由貴子は中国茶の勉強をしながらも、娘との連絡は欠かさなかった。
1日に何度もLINEを送り、夜はスカイプで貌を見ながら話をしていた。

「あまり頻繁にかけると、ママしつこいって言われちゃうのよね。
今、瑠璃子は恋に夢中で、私どころじゃないみたい」
スカイプを終えた由貴子は苦笑しながら、宮緒の為にお茶を淹れた。
…今夜は茉莉花毫尖茶だ。
よく眠れるようにとの由貴子の気遣いが感じられる。

「…恋か…。お年頃だね。同じ学校の子なのかな?」
白磁の茶器を差し出しながら、由貴子は首を振る。
「どうも違うみたい。大人の男性みたいで、全然相手にしてくれない!て今日も憤慨していたわ。
…まあ、その方が安心だけれども」
母親らしい表情で笑った。
「息子のお嫁さまがとてもしっかりと見てくれるし、良い相談相手になってくれているから助かるの」
「…そう…」
お茶を飲むことに集中するふりをする。
「今夜のお茶もとても美味しいね」
「そう?嬉しいわ。最近は着香の技術も学ばせていただいているの」
由貴子は美しい貌を綻ばせた。

「…そう言えば、瑠璃子がママの恋人とお話ししてみたい…て」
「え⁈」
慌ててお茶を茶托に零す。
「あら、大丈夫?」
由貴子が素早くリネンで拭き取る。
「ご、ごめん。
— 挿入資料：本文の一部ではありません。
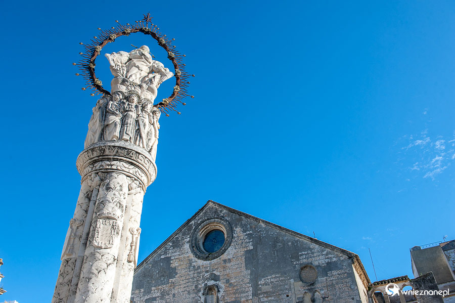 Jerez de la Frontera. Pomnik La Asuncion, czyli Pomnik Wniebowzięcia na Plaza de la Asuncion. W tle Iglesia de San Dionisio.

…いや…それはまだちょっと心の準備がいるかな…。
瑠璃子ちゃんに嫌われたら困るし…」
…瑠璃子と話すと澄佳との接点も増えてきそうだ…。

由貴子は可笑しそうに笑った。
「貴方を嫌う女の子なんていないわ。
…貴方はとてもハンサムだし優しい紳士だし…」
由貴子の白い手を引き寄せ、自分の膝の上に乗せる。
「ありがとう。由貴子…。考えておくよ…」
…そのまま優しく抱き寄せて、唇を甘く重ねようとした刹那…。

玄関の呼び鈴が古めかしい音を立てて鳴った。

二人は同時に振り返る。
「…今頃、誰かな…」
…夜の10時を過ぎた時間だ。
「僕が出るよ」
ソファから立ち上がり、長い廊下を経て玄関に向かう。

旧式のアパルトマンゆえに、インターフォンはおろか覗き穴もない。
「どちら様ですか?」
北京語で尋ねる。
返答はない。
チェーンを付けたまま、ドアをゆっくりと開く。

…宮緒は絶句した。

「…久しぶりだな、真紘」
そこには兄、片岡直人が佇んでいた。